• SOURCE MATERIAL
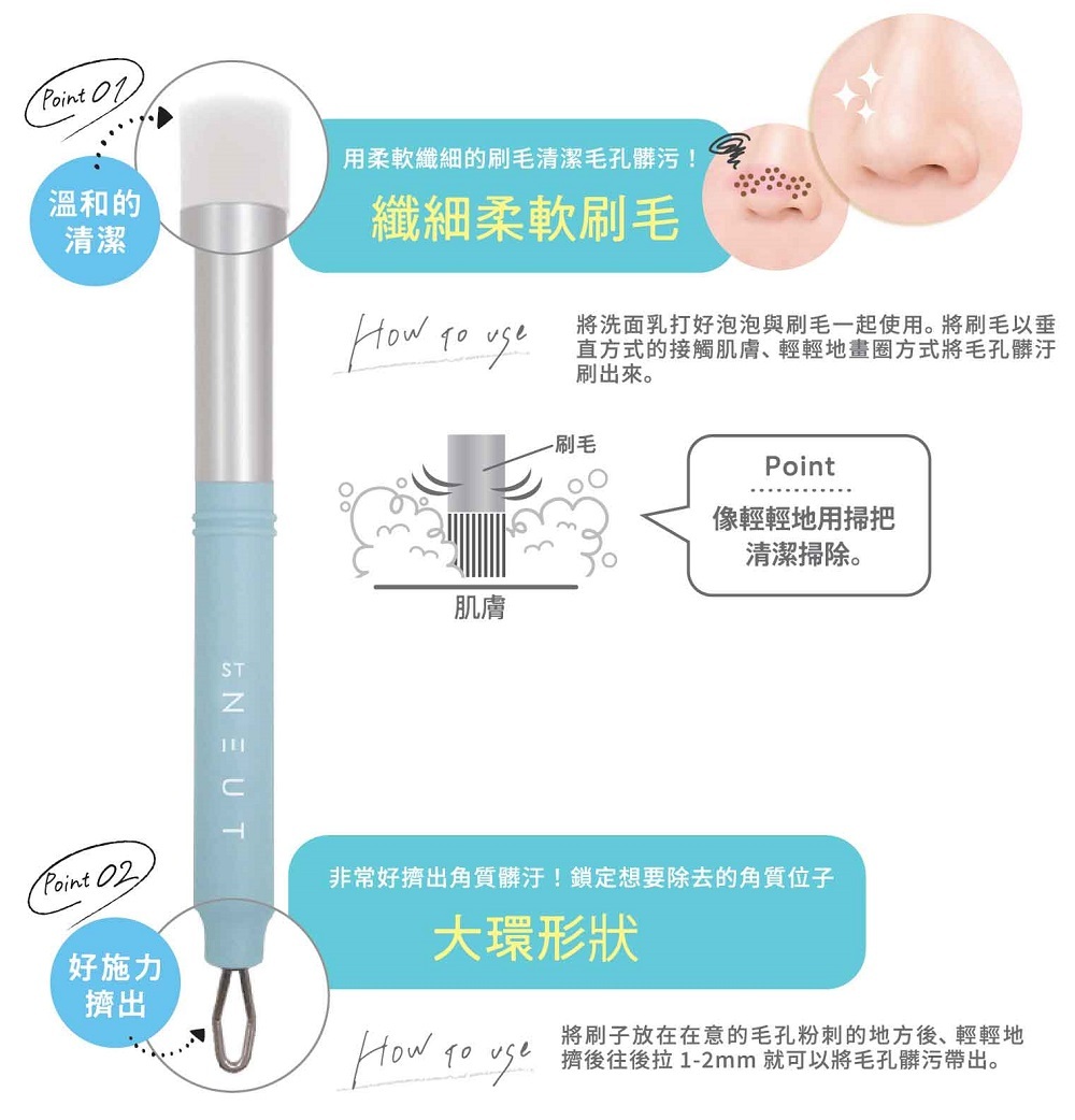 產品名: 2way 毛孔清潔刷 柔軟刷毛 清潔黑頭粉刺
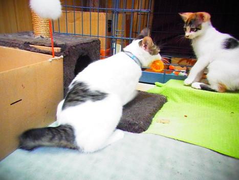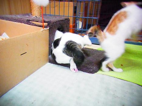 押しのける勢いだったので、白三毛ちゃんもびっくり。
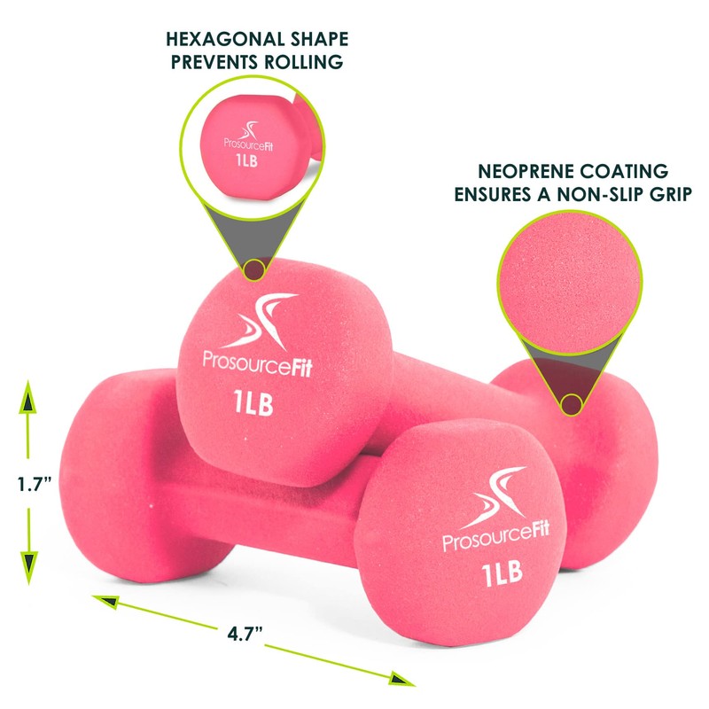 ProsourceFit Neoprene Dumbbell Coated for Non-Slip Grip, 1 lb
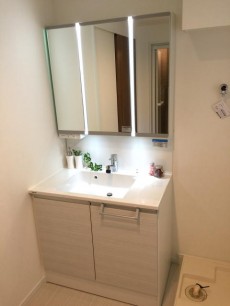 洗面室は脱衣所も兼ねているので、脱いだお洋服はすぐに洗うことができますね!!

• WORK INSTRUCTIONS
The answer should consist solely of the lines from the one containing "押しのける勢いだったので、白三毛ちゃんもびっくり。" through the last line of the material, copied exactly, with pictures left out.

• YOUR SOLUTION
 押しのける勢いだったので、白三毛ちゃんもびっくり。
 ProsourceFit Neoprene Dumbbell Coated for Non-Slip Grip, 1 lb
 洗面室は脱衣所も兼ねているので、脱いだお洋服はすぐに洗うことができますね!!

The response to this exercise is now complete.